Texas Tech University has said it cancelled a so-called anti-racism seminar that segregated students by race.
The Daily Caller News Foundation reported that the university said it had cancelled the seminar, after the Young America’s Foundation (YAF) revealed the segregation through a Freedom of Information Act (FOIA) request.
“Upon reviewing materials from the ‘Deeply Rooted Conversations’ discussion series, we learned that some of the content does not align with our university values, and we have discontinued this program,” Texas Tech spokesman Matt Dewy told the Caller.
YAF’s Kara Zupkus reported on Thursday that the organization had received documents showing Texas Tech segregated its students by race during “anti-racism” training. Video footage revealed by YAF showed Mica Curtis-Wilson, who the Caller reported is no longer employed at the university, telling students and faculty to separate according to skin color. The groups were referred to as the “BIPOC affinity space” and the “Ally affinity space.” The groups were part of the “Allyship and Co-Conspirator” session of the training, which was called the “Deeply Rooted Conversations.”
“We are breaking up into two separate rooms just to facilitate conversation…and also to allow those who identify with each other to be able to communicate ways in which we can be better allies in different spaces,” Curtis-Wilson said in the video.
“If I accidentally move you to the wrong room please just let me know,” she added, saying she was segregating students based on their registration. “The point of this is to be able to identify how we experience these concepts and ideas and deeply listen to others and how they understand these ideas.”
Students were also segregated during the “Understanding Whiteness and White Allyship” and the “Racial Battle Fatigue” sessions.
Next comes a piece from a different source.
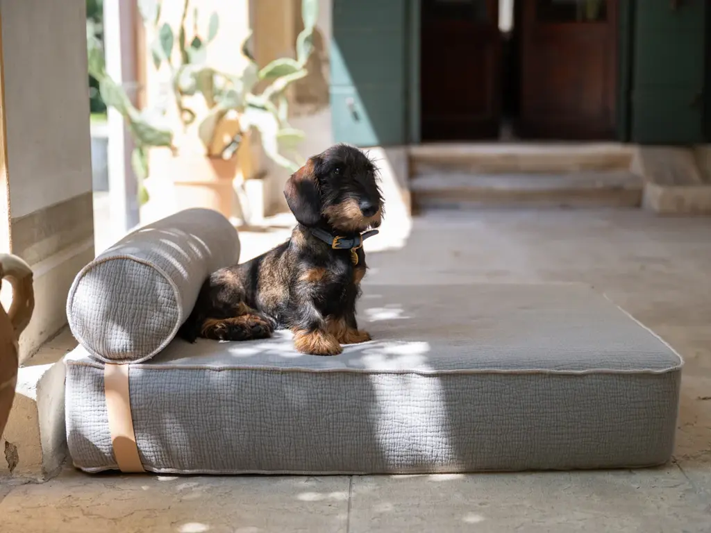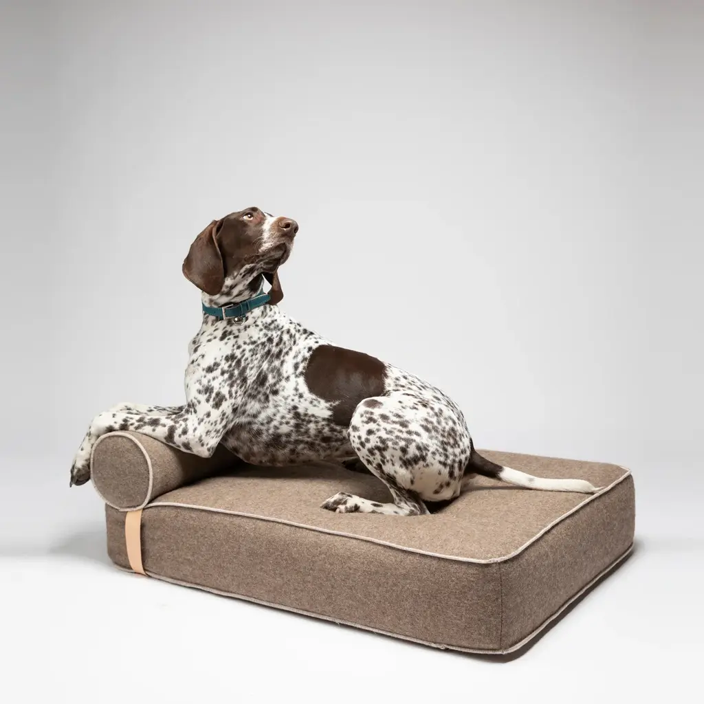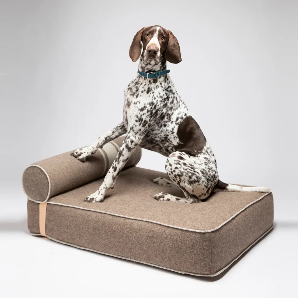 Inspired by designer day beds, the Giampaolo Recycled Wool Daybed from 2.8 Design for Dogs is a luxurious spot for your furry friend to relax. Combining exceptional comfort and support, it’s not just a bed, but a stylish piece of furniture that will complement your décor while providing your dog with top-notch comfort. The inner mattress equipped with a layer of memory foam and an adjustable roller cushion are designed with optimal density to provide adequate support even for large dogs. Highlights

More from YAF:
During the “Understanding Whiteness and White Allyship” session, TTU administrators listed law enforcement as an example of “white supremacy.”
Another aspect of the training asked students and faculty to reflect on “When have my racist ideas and actions affected others?” and “How have I benefitted from my privilege…?”
In addition to law enforcement, “immigration laws,” and “service institutions” as examples of white supremacy.
YAF said it obtained the information through the FOIA request after a student tipped them off. Dewey, the university spokesman, defended the trainings by calling them “optional educational opportunity conversations.”
“When they registered, they self-identified…if they wanted to switch they could do that at any time,” he reportedly told YAF.
“This was an opportunity for people to discuss their individual experiences both on our campus and in their lives more broadly. I think in a lot of these situations it’s kind of a personal reflection and then they come back together and kind of discuss within the broader group,” he added.
Dewey later told the Caller that the seminar “was not part of the sanctioned academic curriculum at Texas Tech University.”
“It was a series of strictly voluntary, optional discussions offered as part of a pilot program to students who were interested in participating through the Division of Diversity, Equity & Inclusion,” he added.